We typically represent data as a grid of numbers (a matrix). Each column represents a variable, which we call a feature in machine learning. In supervised learning, one of the variables is actually not a feature, but the label that we're trying to predict. And in supervised learning, each row is an example that we can use for training or testing.

The number of features corresponds to the dimensionality of the data. Our machine learning approach depends on the number of dimensions versus the number of examples. For instance, text and image data are very high dimensional, while stock market data has relatively fewer dimensions.

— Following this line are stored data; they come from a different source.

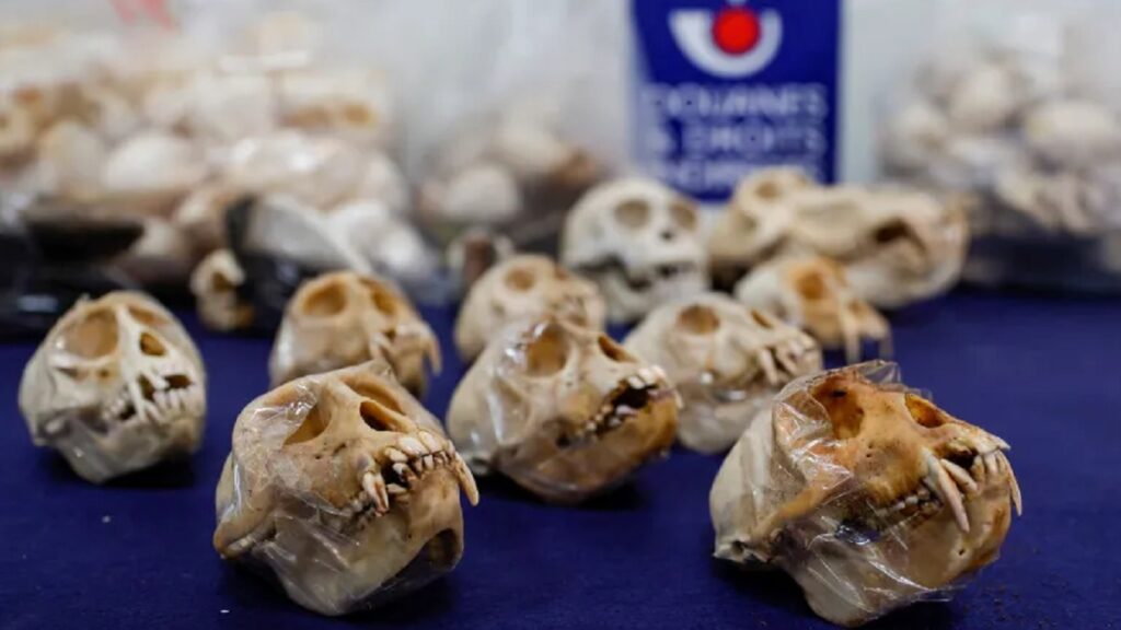 ফ্রান্সের একটি বিমানবন্দর থেকে বিভিন্ন প্রজাতির বানরের প্রায় ৪০০টি মাথার খুলি জব্দ করেছে ফরাসি কাস্টমস কর্মকর্তারা। বৃহস্পতিবার (২১ সেপ্টেম্বর) প্যারিসের চার্লস ডি গল বিমানবন্দরে প্যাকেজ করা অবস্থায় খুলিগুলো জব্দ করা হয়েছে। খবর এএফপির।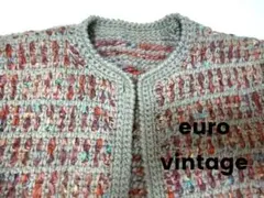 7AS4アニマル柄 デザインニット 個性的 派手色 総柄 紫 古着used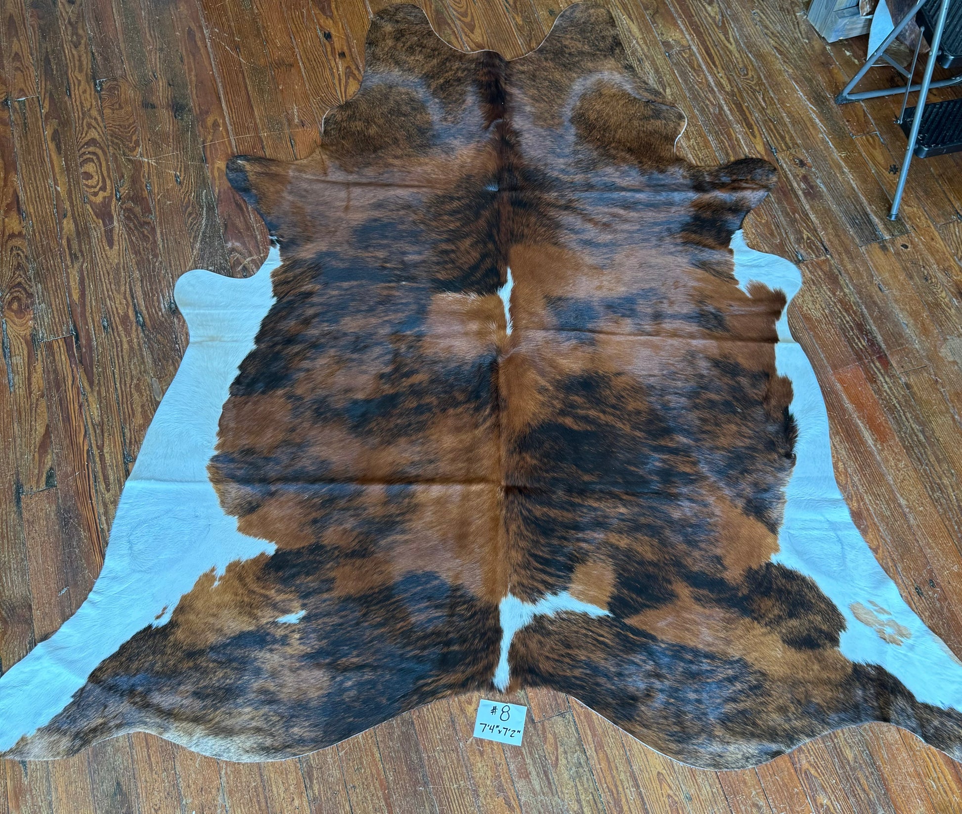 Beautiful Brazilian cowhide rug, Tri Color Brindle hide with white belly . Stunning hide with black, brown and red tones throughout. This hide will weigh approx. 10/12 pounds. Statement piece cowhide rug, this is a premium Brazilian cowhide rug.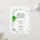 This is a fun way to invite your friends and family to your St Patrick's Day party. The background is a bright white with shamrocks or clovers in green scattered across. In the centre there is a white insert to frame your text. To the right there is a graphic of a green martini cocktail in a glass with a clover and a stir straw. A fun festive invitation.
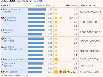 Al menos son cinco los bancos que operan en España que han decidido elevar las rentabilidades de sus depósitos esta misma semana. Deutsche Bank abrió la veda con su Depósito Solidez DB para nuevos clientes. Paga un 0,15% TAE a 12 meses, un 0,40% TAE a 18 meses y un 0,60% TAE a 24 meses. El producto se puede contratar a través de la Banca de Internet, por teléfono o en las oficinas de la entidad. La inversión mínima es de 3.000 euros hasta 100.000 euros.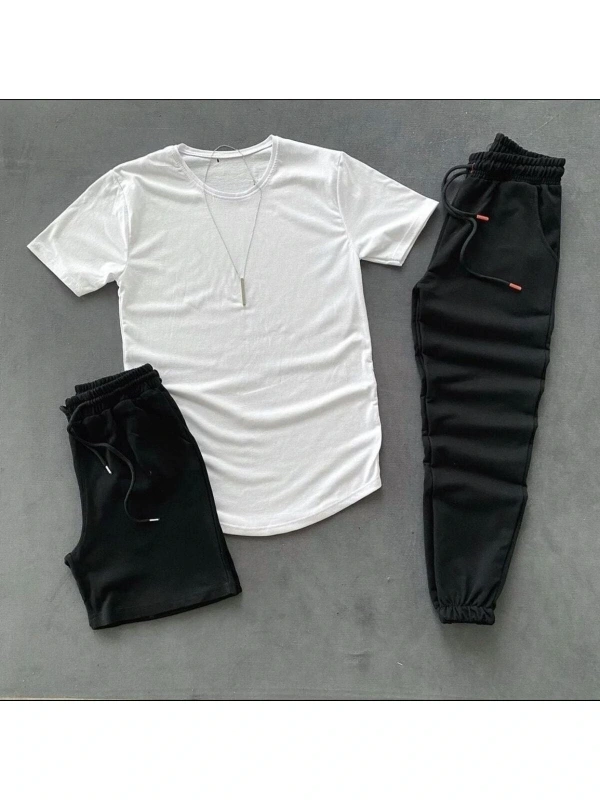 3'lü Siyah Beyaz Eşofman Takımı T-shirt Şort Eşofman Altı Kombin Düzjozatakım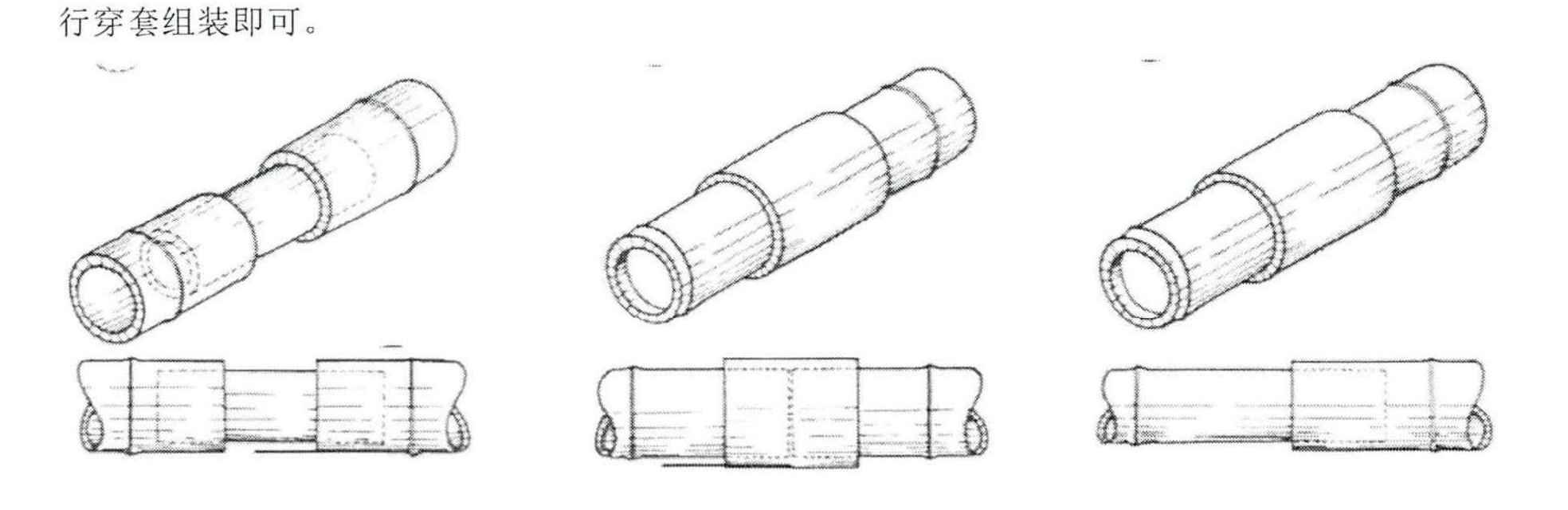 图2-4套筒式的连接方式往往用于解决多根原竹拼接时的节点构造问题,在一般建筑中用的较少,主要用于排水管、沟渠之类的基础建设设施。这种做法较为简单,利用直径大小不同的原竹进行穿套组装即可。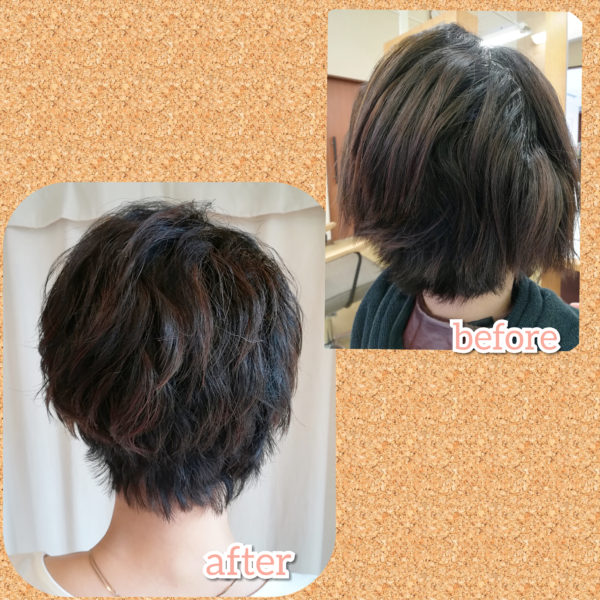 ずっとストレートパーマをかけていたお客様が、「脱!ストレートをしたい!」との事で、バッサリとショートカットさせてもらいました。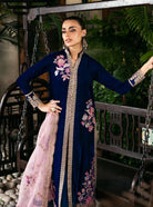 A luxury unstitched three-piece ensemble crafted from sumptuously soft midnight blue velvet. The rich, deep hue of the velvet serves as a perfect canvas for the intricate floral embroidery that gracefully adorns the front open jacket style shirt. Delicate patterns in shades of blush pink, muted gold, and hints of silver embellish the neckline, sleeves, and extended borders, reflecting meticulous craftsmanship. The raw silk trousers are tastefully detailed with matching embroidered motifs at the cuffs, creating a cohesive and polished look. Completing this regal attire is a mesmerizing powder pink organza dupatta, beautifully edged with a thin contrast border.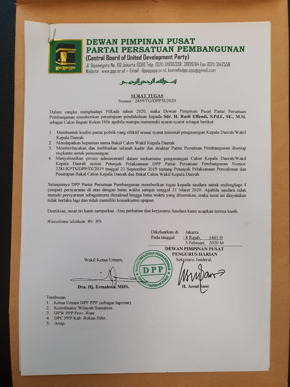 Centro Riau,Jakarta-DPP PPP telah memberikan surat keputusan Nomor 2459/TG/DPP/2020 yang menyatakan dan menugaskan Rusli Efendy sebagi Calon...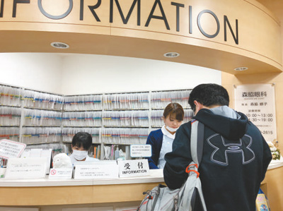 日本東京某私立醫(yī)院內(nèi),工作人員正在給病人登記。記者 劉軍國 攝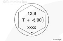 為了精確地使螺栓轉動到要求的角度,使螺栓與螺栓頭上標記的“小圓點”和“窗口”對正,或者使用扭矩角度計 - 3/4 英寸驅動頭(零件號 3823878)。

Fitting high-dimensional data is computationally expensive and is prone to overfitting due to the high complexity. Higher dimensions are also impossible to visualize, and therefore we can't use simple diagnostic methods.

Not all of the features are useful and they may only add randomness to our results. It's therefore often important to do good feature selection. Feature selection is the process of picking a subset of significant features for use in better model construction. In practice, not every feature in a dataset carries information useful for discriminating samples; some features are either redundant or irrelevant, and hence can be discarded with little loss. 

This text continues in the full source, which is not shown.